**WHAT YOU WILL DO:**
Please tally every line in the listing below where the word "with" appears, then give the number and nothing more.

**SUPPLIED DATA:**
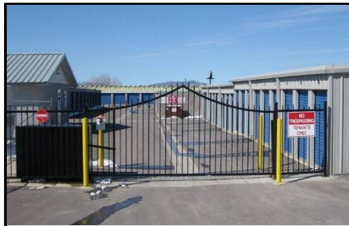
#800 - Prestigious
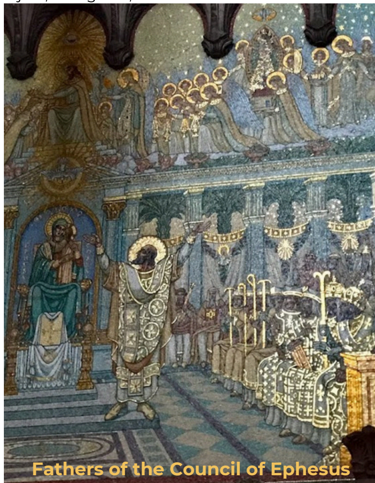
Fathers of the Council of Ephesus
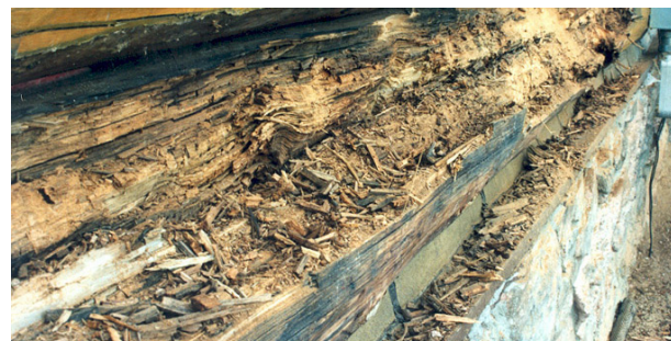
Tim-bor® helps prevent rot before it starts.
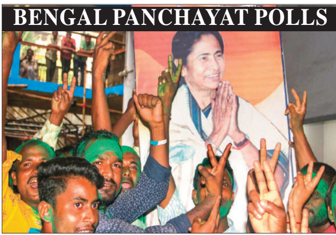
BENGAL PANCHAYAT POLLS

The BJP has in contrast won 21 and is leading in 5 seats. The CPI(M) has won 2 seats, while Congress has won 6 and is leading
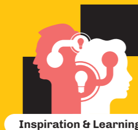
Inspiration & Learning
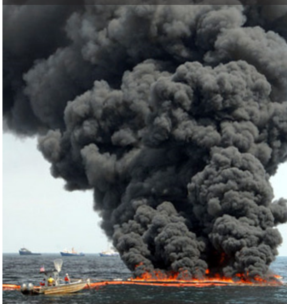
Controlled burning (left) and skimming (right) are two response techniques used to remove oil from the water surface after an oil spill.
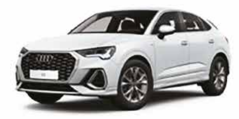
Glacier White, Metallic
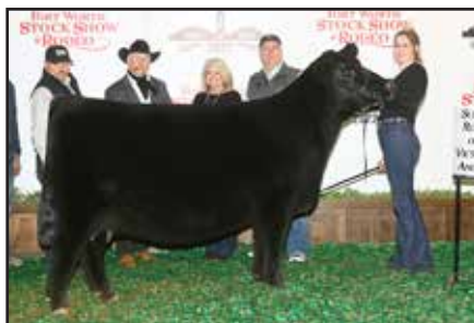
Reserve grand champion female SSF Lady 5030
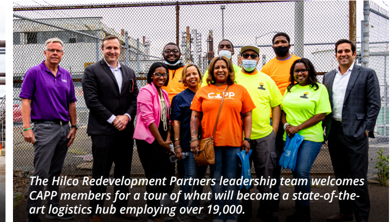
The Hilco Redevelopment Partners leadership team welcomes CAPP members for a tour of what will become a state-of-the-art logistics hub employing over 19,000.
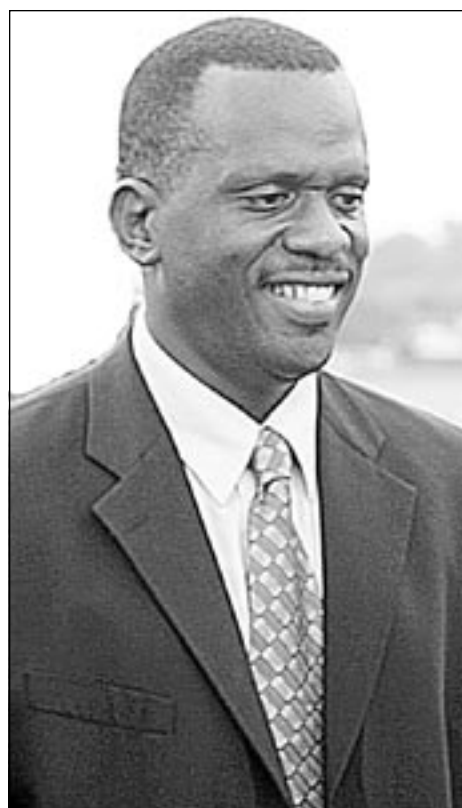
Hon Philip J. Pierre

S aint Lucia is indeed proud to be associated with World Consumer Rights Day. The transformation of the Price Control Division into a full-fledged Consumer Affairs Department in 1997 paved the way for becoming part of the Universal Family of the Consumer Movement spearheaded by Consumers International.
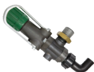
6005.31/LP Control Unit Regulator
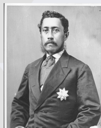
Mō‘ī Lunalilo 1/1/1873 to 2/3/1874
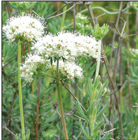
5 Eastern Mojave Buckwheat Eriogonum fasciculatum var. foliolosum
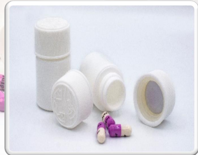
Jar 15 ml with shield safe cap
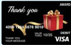
RED GIFT THANK YOU
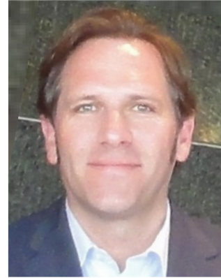
Al Davies National Assembly for Wales
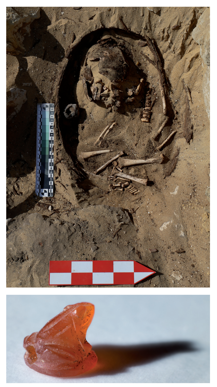
Fig. 4a-b Infant buried in a basket with an amulet of a frog.

**ANSWER FOR THE TASK:**
3